Intégration maghrébine : La Libye face aux délires vindicatifs de l'alliance algéro-tunisienne
Aujourd'hui, la Libye continue de se présenter comme un pays ami du Maroc en dépit des signaux ambivalents qui ont été lancés par le président du Conseil présidentiel libyen, Mohammed El-Menfi, qui a consenti à participer au Sommet de Tunis, tenu en avril 2024, aux côtés du présient algérien, Abdelmajid Tebboune, et celui de la Tunisie, Kais Saied. Ce Sommet tripartite a été conçu dans l'unique but d'exclure le Maroc d'un nouveau bloc maghrébin. Le représentant libyen a suscité beaucoup d'incompréhensions au Maroc lorsqu'il a participé à cette initiative vindicative que l'Algérie essaye de mener avec le soutien d'une Tunisie inféodée qui ne fait qu'exécuter les ordres de son voisin. Pour éviter tout malentendu, M. El-Menfi a dépêché en urgence, le 23 avril, son frère, Sami El-Menfi, auprès du Chef de la diplomatie marocaine, Nasser Bourita, à qui il a remis une lettre adressée à SM le Roi Mohammed VI.
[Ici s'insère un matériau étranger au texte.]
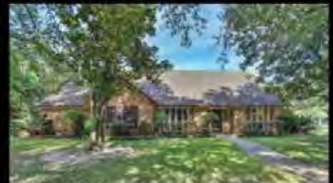
Over 4,600 square feet. Master down. Approved for elevation grant. $435,000
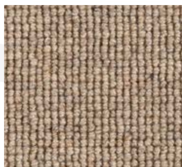
Fifty Four 5054
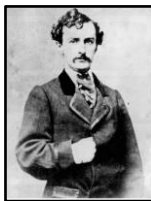
John Wilkes Booth
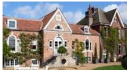
Strattons Hotel, Swaffham, Norfolk, England
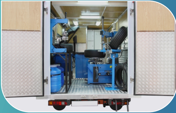
Bus/ Truck Body
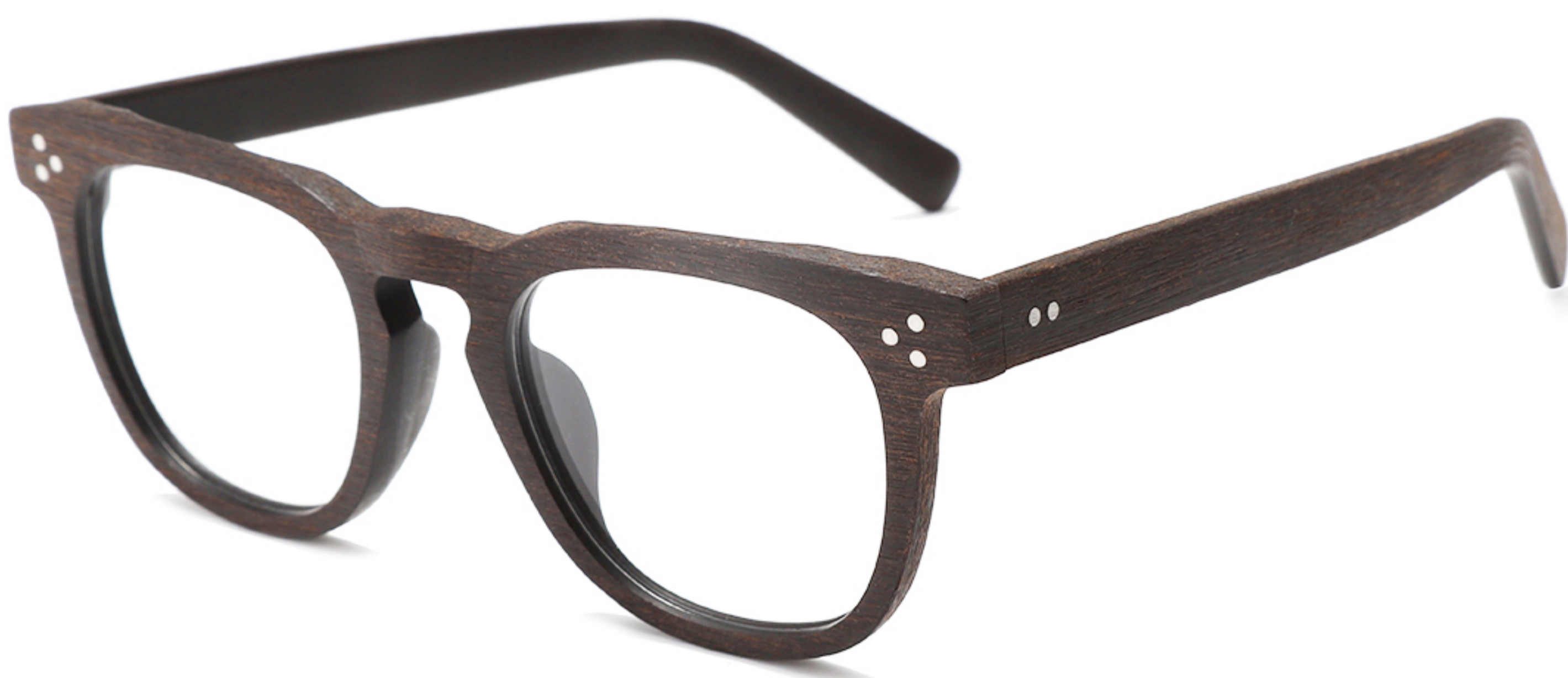
COFFEE C19 咖啡框
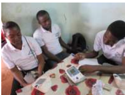
WHD Efforts in Cameroon Total Screened: 1,085 People
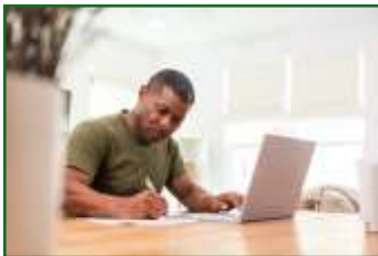
Career Step-Up Grants

* Pitstone Parish Charity, Registration Number: 261752
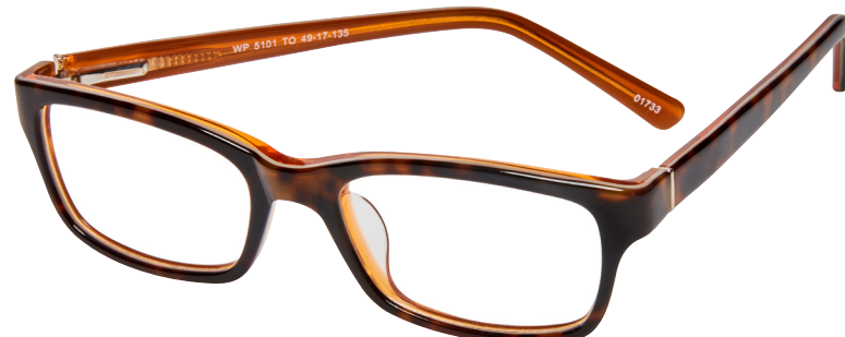
SKU: 1293656 Style: WP5101 TOR Color: Tortoise Category: Adult Material: Plastic Size: 49 17 135

Le contenu de la missive n'a pas été dévoilé, mais la dépêche publiée à cette occasion par la MAP a été assez instructive. En réalité, cette visite a été destinée à rassurer le Maroc de l'amitié de la Libye et de son attachement aux relations amicales qui réunissent les deux pays. En marge de la visite de l'émissaire libyen, le Chargé d'affaires de la Libye à Rabat, Aboubaker Ibrahim Ataweel, a précisé que cette visite s'inscrit dans le cadre des efforts visant le renforcement de l'Union du Maghreb Arabe. Le message était clair. La Libye s'oppose, jusqu'à présent, au projet algérien. Cela dit, les deux blocs rivaux à l'Est et à l'Ouest, bien qu'ils ne parlent pas d'une même voix sur les questions internationales, partagent cette conviction.